You have to sort through all the opportunities, figure out what
you're really going to do and then be upfront with
people."
That's what Sikora did. When he got more serious about
starting his business part time but was still working full time, he
approached his bosses, who were very understanding. They arranged
an informal agreement stating that either side would give six
months' notice before terminating their working relationship.
"It's much easier to be upfront," says Sikora.
"It made things simpler because I wasn't trying to hide
what I was doing."
Reiners agrees. "Don't burn bridges. You want your
reputation unbesmirched, and you may want to utilize your current
employer as a reference, a customer or a supplier-all kinds of
relationships you don't want to destroy."
What sort of business is best to start part time?
"All the personal services," says Reiners, "and
all the functions that can be easily outsourced." Steer clear
of trying to set up any manufacturing part time, as the big outlay
of capital for both production and distribution is prohibitively
expensive.
How am I going to fit a part-time business into my
schedule?
"You need to forcibly schedule your day," says
Knitowski, who juggled family, school, a full-time job and his
start-up. "The best thing I found was to schedule meetings in
my personal life the same way I would business or school."
This is especially important for those part-timers who do their
work at home. "It's very easy to become a home owner
rather than a home worker," warns Reiners. When you schedule
time to work on your business at home, work on your business.
Where can I get information to help me plan?
Besides business-planning courses and books, there are a myriad
of resources and organizations to assist you. Sikora got 35 percent
of his start-up help from websites and e-mail correspondence from
those he met online. "I've gotten a lot of helpful ideas,
suggestions and leads from people I've never met
face-to-face."
Reiners recommends trade associations (many offer free
literature on starting businesses in their fields), libraries,
SBDCs (at a university near you), local and state chambers of
commerce and the Census (great for marketing data).

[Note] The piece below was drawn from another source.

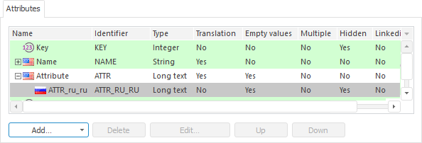 If the Translate Dictionary Into Other Languages checkbox is selected, the icons of attributes of the String and Long Text types requiring translation are replaced with the flag of the country that uses the current translation language as its official language.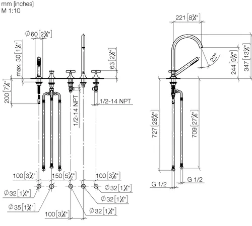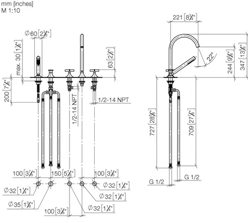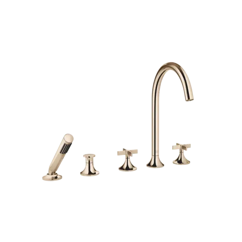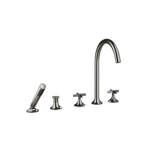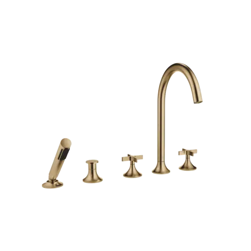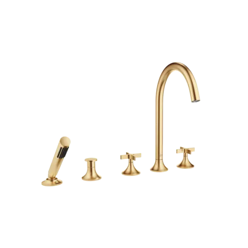 Dornbracht VAIA five-hole bath mixer, bath rim installation, automatic diverter, cross handle, projection 220mm

Also keep in mind that fledgling entrepreneurs often lack focus
in the planning stages. They have "the desire to be all things
to all people but the lack of time and ability to do so," says
Reiners. Narrow your business so you have a market realistically
suited to your product or service.
But What Can I Do?
Here are some of the best homebased businesses to start and run
part-time:
- Know tons of spelling and grammatical rules?
Editing/proofreading
- Believe cleanliness is next to godliness? Cleaning
services
- Enjoy conjuring order from chaos? Professional organizer
- Got a second language under your belt?
Translator/interpreter
- Want to put that college degree to use? Tutoring
(computer/scholastic)
- Think you can do better than last night's atrocious
business reception? Meeting and event planning
-from The Best Home Businesses for the 21st Century by
Paul and Sarah Edwards
Part Time to Big Time
- Mary Kay Ash discovered her talent for selling when she took
part-time work peddling encyclopedias to support her family-she
sold a three month quota in a day and a half. She would later
parlay this knack into her own multimillion-dollar Mary Kay
Cosmetics.
- Taking time away from a never-to-be-finished med-school degree,
Michael Dell spent his spare time refurbishing old computers for
resale from his University of Texas, Austin, dorm room. The
cash-cow hobby evolved into Dell Computer Corp., a nearly $96
billion computer systems company.
- Eileen Ford was working full time as a stylist (at two jobs!)
when her first child was born. For an infusion of household
capital, she took on extra work as an agent for a few models. Her
part-time work eventually blossomed into the world-famous Ford
Modeling Agency, which she co-founded with her husband, Jerry.